While the inspector general did not turn up any fraud by the Heat, Mazzella concluded that a "number of questionable expenses were charged against arena revenues, thus lessening the county's prospects of receiving its proportional share of arena profits."

His nine-month investigation followed a New Times report that despite getting $72 million in taxpayer subsidies to run the Triple A and raking in a fortune since LeBron James and Chris Bosh joined the franchise, the Heat has avoided sharing any revenue with the county.

Mazzella essentially says no one at the county, particularly the mayor's office, understands how the agreement with the Heat is supposed to work, and that no one has ever questioned the team's annual budgets and financial statements regarding operation of the Triple A to see if any of the team's line items should set off alarm bells.

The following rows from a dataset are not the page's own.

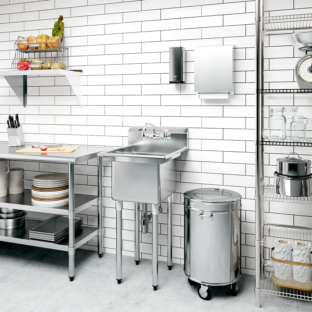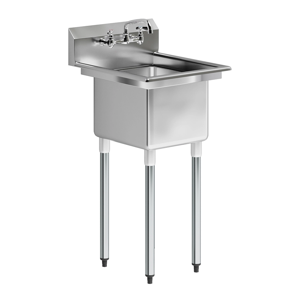 The sink boasts a spacious 14″ x 16″ compartment, designed to handle a variety of tasks such as washing dishes, rinsing produce, and prepping ingredients. The generous size makes it an ideal choice for busy environments where multiple tasks need to be performed efficiently and hygienically.
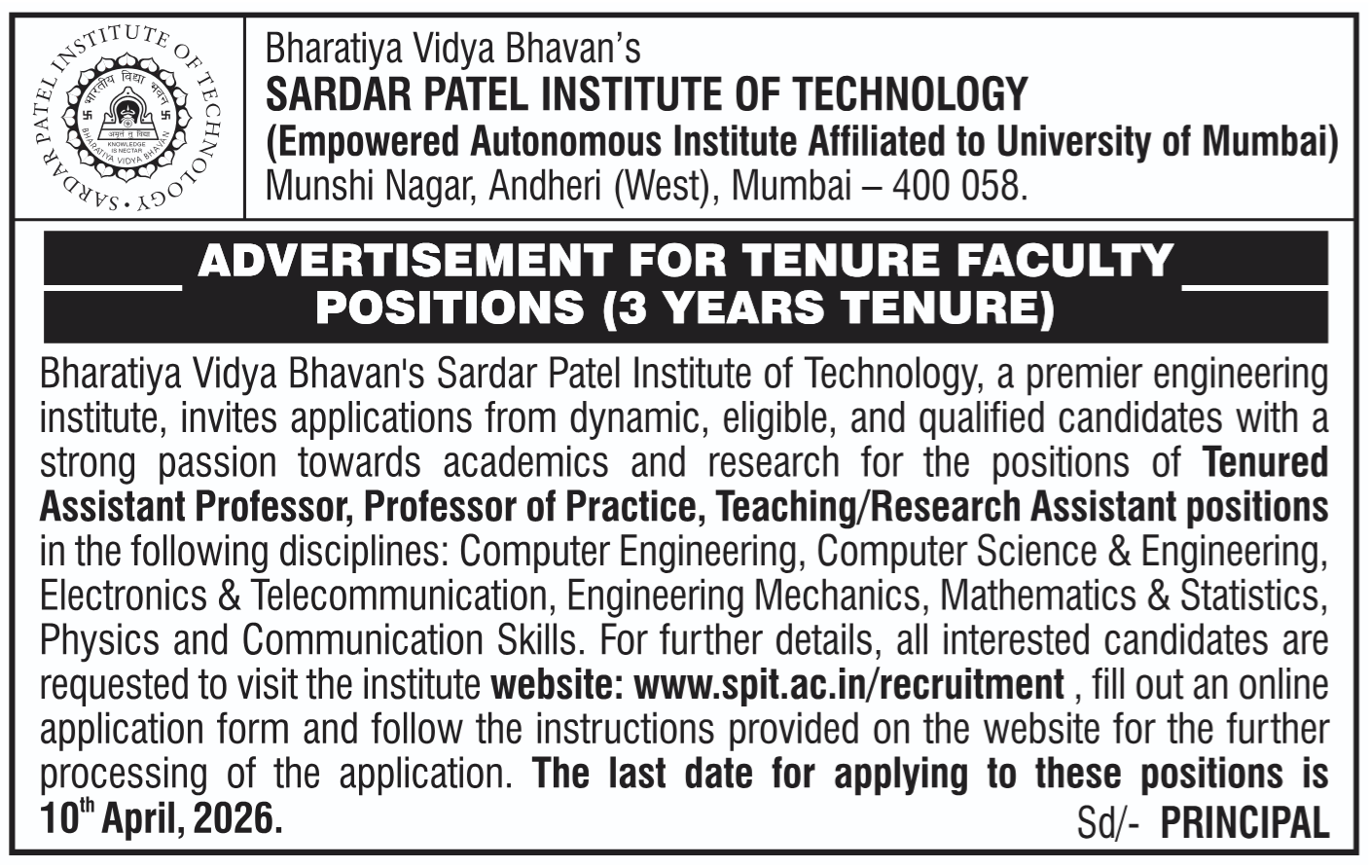 Bharatiya Vidya Bhavans Sardar Patel Institute of Technology Munshi Nagar, Andheri (West), Mumbai 400 058
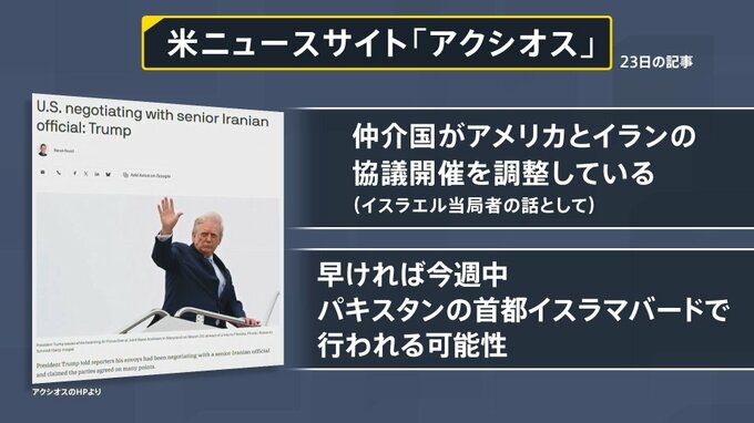 アメリカのニュースサイト「アクシオス」は23日、イスラエル当局者の話として、仲介国がアメリカとイランの協議の開催を調整しているとし、早ければ今週中にパキスタンの首都イスラマバードで行われる可能性があると報じています。

He also found that the main reason the Heat has not been sharing profits despite record breaking revenues is because the team owes $28 million in loans. Mazzella writes:

In fact, absent consideration of manager loans, etc., fiscal year 2011 would have been the first year that arena operations generated net cash flow greater than $14 million triggering the 60-40 profit share provision.
Jorge Luis Lopez, an attorney for Miami Heat affiliate company Basketball Properties LTD., which runs the arena, says Mazzella's report amounted to a waste of taxpayer money. "After months of extensive review at the expense of taxpayers, he released a report with nothing in it," Lopez said. "He is questioning improvements and expenses that are legitimate under the agreement."